_Data in this exercise_:

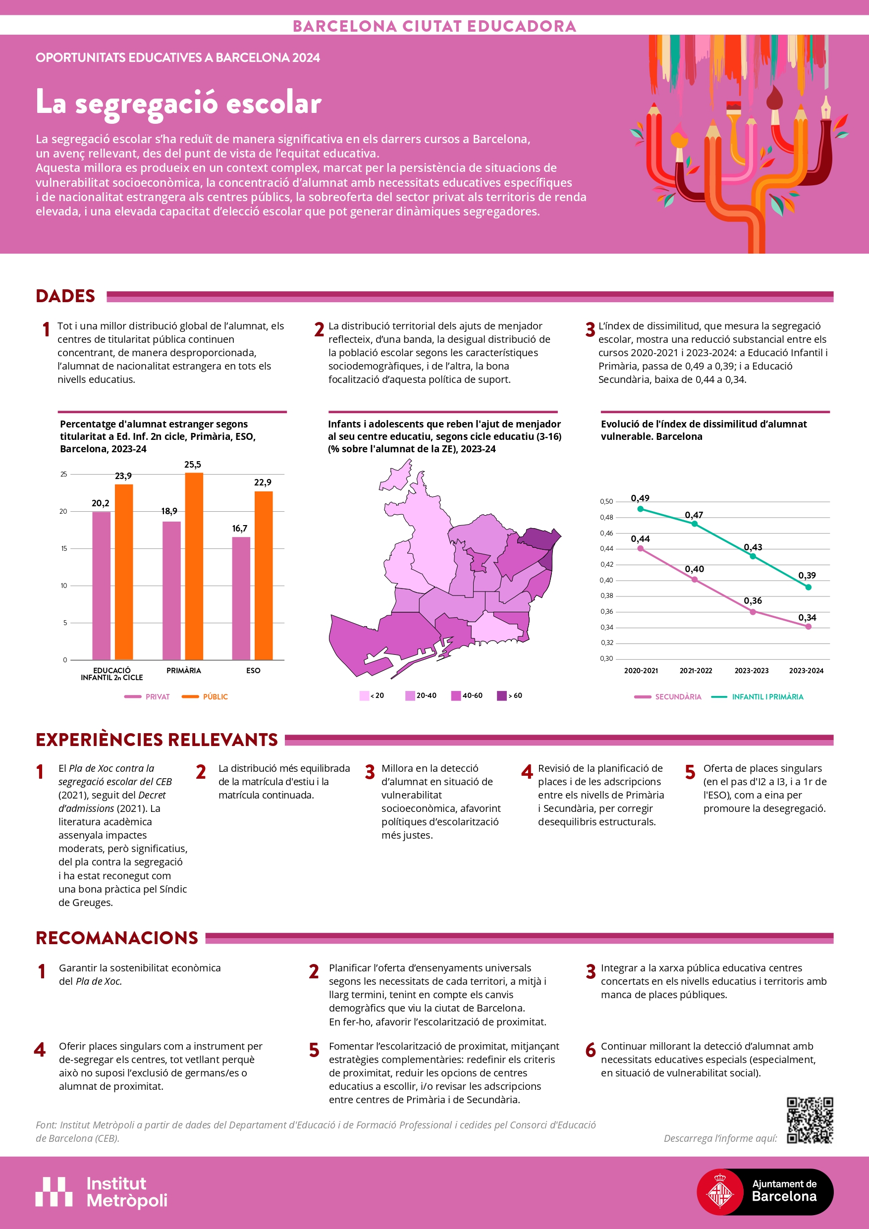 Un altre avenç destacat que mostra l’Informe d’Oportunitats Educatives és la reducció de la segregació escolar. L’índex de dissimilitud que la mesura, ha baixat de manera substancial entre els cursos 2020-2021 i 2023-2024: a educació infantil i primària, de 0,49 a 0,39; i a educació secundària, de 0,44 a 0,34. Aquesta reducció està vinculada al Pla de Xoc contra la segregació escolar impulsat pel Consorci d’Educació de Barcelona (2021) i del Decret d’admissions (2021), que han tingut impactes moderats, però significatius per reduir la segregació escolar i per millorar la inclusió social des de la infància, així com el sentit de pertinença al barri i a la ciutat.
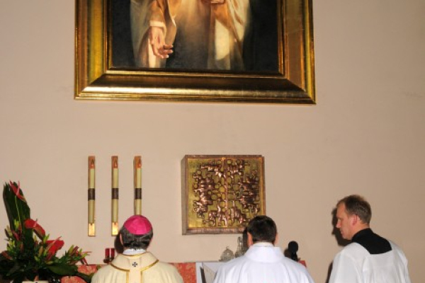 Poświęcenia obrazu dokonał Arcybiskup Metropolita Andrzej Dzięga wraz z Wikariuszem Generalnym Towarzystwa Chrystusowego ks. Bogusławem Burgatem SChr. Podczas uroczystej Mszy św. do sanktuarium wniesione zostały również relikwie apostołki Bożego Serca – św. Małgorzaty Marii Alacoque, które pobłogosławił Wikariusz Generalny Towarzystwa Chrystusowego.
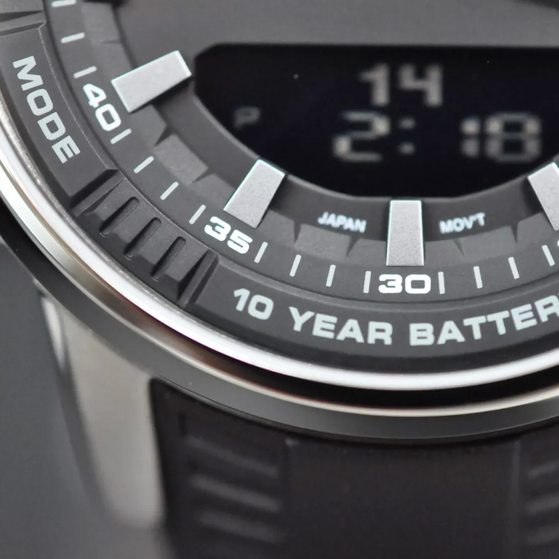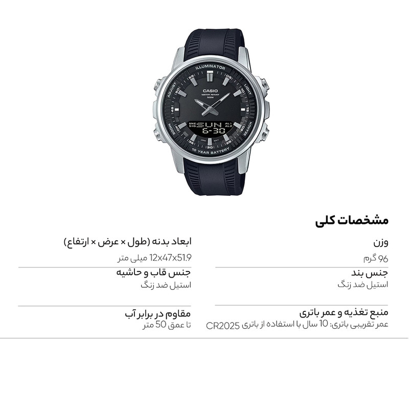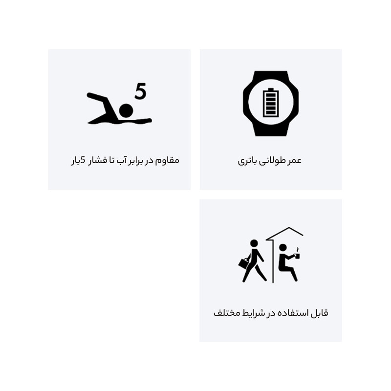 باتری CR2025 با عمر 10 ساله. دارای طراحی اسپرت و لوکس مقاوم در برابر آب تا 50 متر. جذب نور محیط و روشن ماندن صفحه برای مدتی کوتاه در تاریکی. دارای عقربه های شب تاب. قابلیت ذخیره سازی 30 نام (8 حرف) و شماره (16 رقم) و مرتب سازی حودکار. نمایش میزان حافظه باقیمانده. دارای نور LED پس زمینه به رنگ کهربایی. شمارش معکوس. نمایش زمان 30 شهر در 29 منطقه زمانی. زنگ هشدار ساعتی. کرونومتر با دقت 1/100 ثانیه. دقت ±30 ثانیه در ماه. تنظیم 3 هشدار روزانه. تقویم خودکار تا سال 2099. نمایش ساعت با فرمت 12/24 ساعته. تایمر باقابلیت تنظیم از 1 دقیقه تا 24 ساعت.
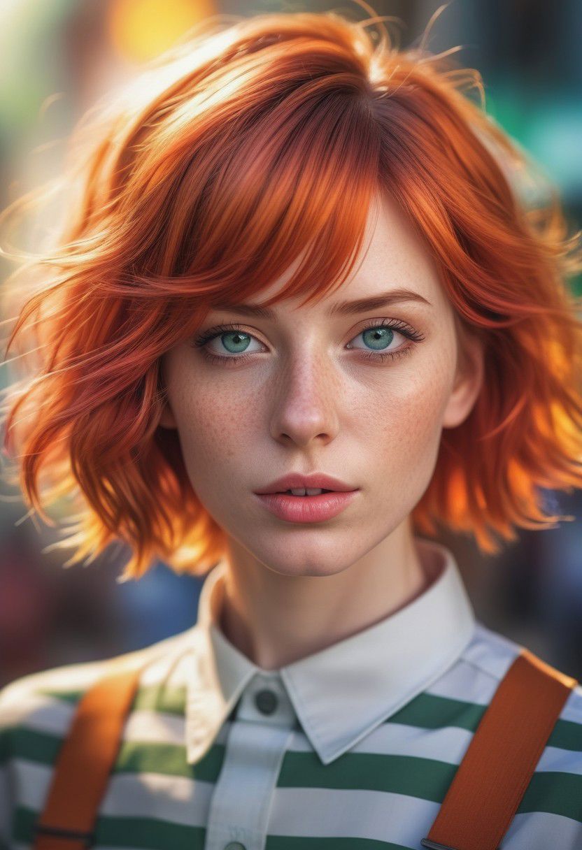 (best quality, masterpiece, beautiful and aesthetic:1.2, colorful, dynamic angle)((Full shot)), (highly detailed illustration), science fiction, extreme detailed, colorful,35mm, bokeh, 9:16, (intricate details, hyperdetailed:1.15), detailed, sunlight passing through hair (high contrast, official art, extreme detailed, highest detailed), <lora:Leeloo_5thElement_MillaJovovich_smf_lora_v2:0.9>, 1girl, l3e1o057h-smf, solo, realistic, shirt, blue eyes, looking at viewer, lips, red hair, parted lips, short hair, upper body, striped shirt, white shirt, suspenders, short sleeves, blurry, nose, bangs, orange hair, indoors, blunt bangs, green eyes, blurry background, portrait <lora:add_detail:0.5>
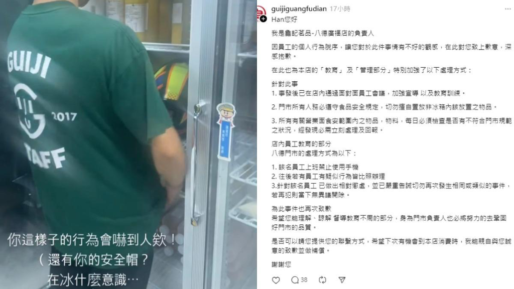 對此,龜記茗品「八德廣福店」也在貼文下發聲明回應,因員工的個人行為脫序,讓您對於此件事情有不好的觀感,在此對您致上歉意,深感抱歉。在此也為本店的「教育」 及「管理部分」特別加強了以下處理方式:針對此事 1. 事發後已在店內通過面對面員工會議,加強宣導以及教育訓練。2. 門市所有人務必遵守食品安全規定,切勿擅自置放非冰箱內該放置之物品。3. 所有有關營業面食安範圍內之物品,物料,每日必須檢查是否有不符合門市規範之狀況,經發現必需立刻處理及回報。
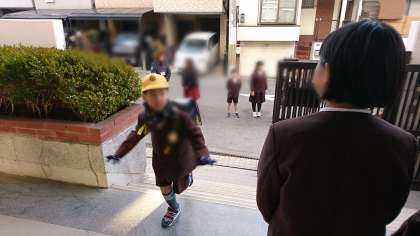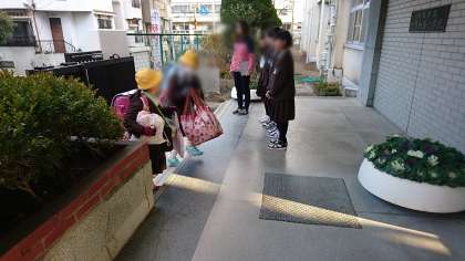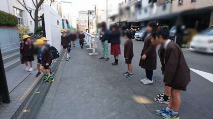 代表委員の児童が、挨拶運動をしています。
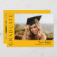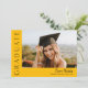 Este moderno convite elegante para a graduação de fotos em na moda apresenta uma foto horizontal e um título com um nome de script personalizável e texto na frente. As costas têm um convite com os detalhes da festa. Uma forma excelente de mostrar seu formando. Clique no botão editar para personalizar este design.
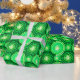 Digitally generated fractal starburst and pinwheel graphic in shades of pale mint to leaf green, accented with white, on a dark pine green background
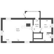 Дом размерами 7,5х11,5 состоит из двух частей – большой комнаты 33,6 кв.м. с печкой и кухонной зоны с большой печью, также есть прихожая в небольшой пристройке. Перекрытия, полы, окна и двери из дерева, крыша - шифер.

_Problem requirements_:
Beginning with the line that holds "及「管理部分」特別加強了以下處理方式:針對此事 1. 事發後已在店內通過面對面員工會議,加強宣導以及教育訓練。2.", write out exactly the lines down to the end of the material above, and no others. Pictures are not part of the copy.

_Final answer_:
 對此,龜記茗品「八德廣福店」也在貼文下發聲明回應,因員工的個人行為脫序,讓您對於此件事情有不好的觀感,在此對您致上歉意,深感抱歉。在此也為本店的「教育」 及「管理部分」特別加強了以下處理方式:針對此事 1. 事發後已在店內通過面對面員工會議,加強宣導以及教育訓練。2. 門市所有人務必遵守食品安全規定,切勿擅自置放非冰箱內該放置之物品。3. 所有有關營業面食安範圍內之物品,物料,每日必須檢查是否有不符合門市規範之狀況,經發現必需立刻處理及回報。
 代表委員の児童が、挨拶運動をしています。
 Este moderno convite elegante para a graduação de fotos em na moda apresenta uma foto horizontal e um título com um nome de script personalizável e texto na frente. As costas têm um convite com os detalhes da festa. Uma forma excelente de mostrar seu formando. Clique no botão editar para personalizar este design.
 Digitally generated fractal starburst and pinwheel graphic in shades of pale mint to leaf green, accented with white, on a dark pine green background
 Дом размерами 7,5х11,5 состоит из двух частей – большой комнаты 33,6 кв.м. с печкой и кухонной зоны с большой печью, также есть прихожая в небольшой пристройке. Перекрытия, полы, окна и двери из дерева, крыша - шифер.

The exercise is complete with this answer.